Quella che, inizialmente, era percepita come un’ iniziativa “ una tantum “, cioè un intervento circoscritto per arginare l’avanzata russa, si sta trasformando in una realtà permanente, un orizzonte bellico che, ormai, si radica nelle opinioni pubbliche. Eppure, i sondaggi segnalano una opposizione, sempre più forte verso questa corsa agli armamenti. Il barometro del consenso, tuttavia, sembra aver perso ogni presa sui governi, avviati lungo un pendio inclinato, da cui risulta sempre più arduo tornare indietro.

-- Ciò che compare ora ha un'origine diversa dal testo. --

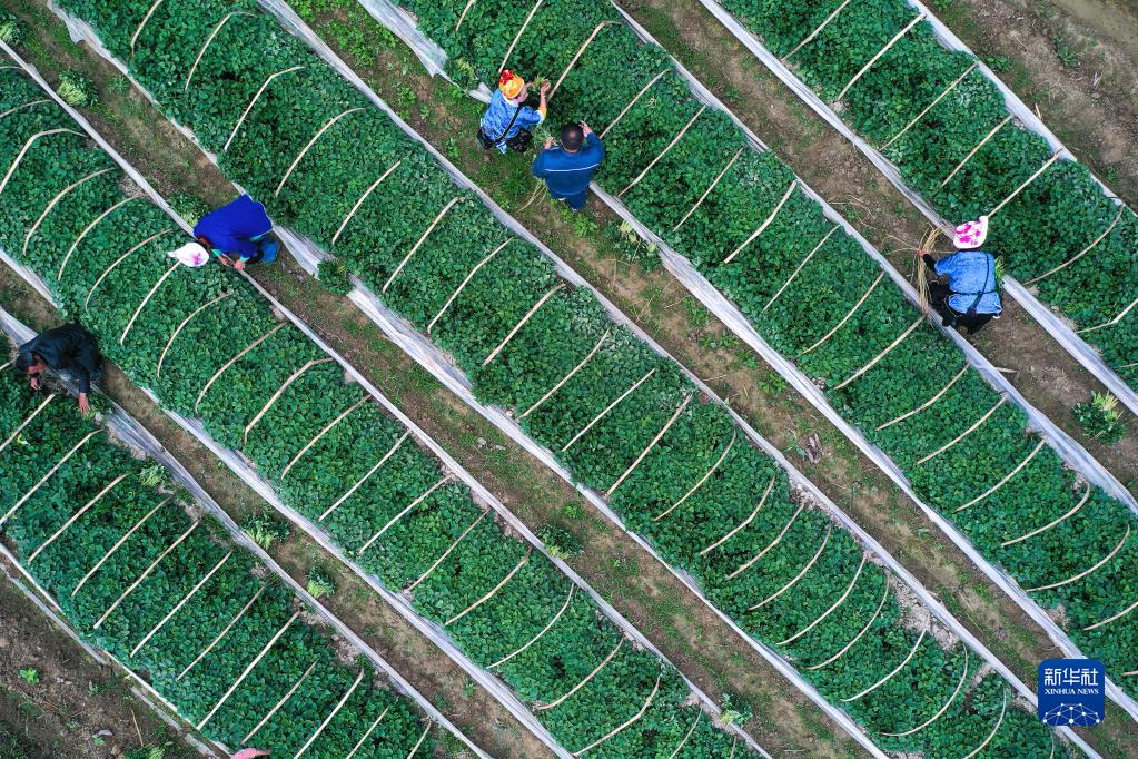 劉開(kāi)福與村民在田間移栽紫薯苗(2022年5月10日攝,無(wú)人機照片)。

Il presupposto, che regge questa deriva, è la necessità di evitare il collasso del fronte ucraino, per scongiurare un’espansione russa oltre i confini della NATO. C è da chiedersi se tale postulato resista davvero al vaglio della realtà. Perfino il Cremlino riconosce l’abissale disparità tra la potenza bellica dell’Alleanza Atlantica e quella della Federazione Russa, uno squilibrio di portata tale da rendere irrazionale, se non addirittura suicida, qualsivoglia aggressione diretta al blocco occidentale. Con gli Stati Uniti, i quali da soli assorbono quasi il 40% della spesa militare globale, a fronte di un esiguo 3,5% attribuibile alla Russia, l’ipotesi di un’invasione russa dell’Europa si configura più come un artificio retorico che come una prospettiva concreta.
Eppure, nel recente discorso di Putin, vi è un passaggio, che getta un’ombra oltremodo inquietante: l’avvertimento che un intervento diretto di truppe occidentali in Ucraina le trasformerebbe in bersagli legittimi, con tutto ciò che ne deriverebbe in base all’articolo 5 del Trattato di Washington. Un simile sviluppo dissolverebbe ogni ambiguità strategica, spalancando le porte a un conflitto su
larga scala, che l’Europa non conosce dal 1945.
Ciò che più preoccupa è, però, la progressiva “normalizzazione”di questa prospettiva. Quella che, un tempo, sarebbe stata considerata una sciagura impensabile, è, ormai, oggetto di simulazioni fatte a tavolino, di dibattiti asettici, in cui la ricerca di un’alternativa diplomatica sembra quasi un’ingenuità. La guerra, si dice, è necessaria per garantire la pace, in un paradosso, che sembra uscito dalle distopie orwelliane.
Eppure, la storia insegna che il conflitto non è un destino ineluttabile. Clausewitz ci ha spiegato che la guerra è la conseguenza ineluttabile di volontà inconciliabili, non una legge di natura. Il fatto che la potenza militare sia una componente essenziale degli equilibri tra gli Stati non significa che la guerra debba essere la sola via percorribile.
È il momento di riscoprire il valore dell’arte negoziale, prima che il treno della storia imbocchi , come capitato, per ben due volte, nel secolo scorso, un binario senza ritorno. Oltre quell’orizzonte, infatti, non si scorge altro che l’abisso, mentre “ la bestia umana”, assetata di sangue, continua a pretenderne sempre più.
E intanto Trump ha scatenato una sua guerra: quella dei dazi!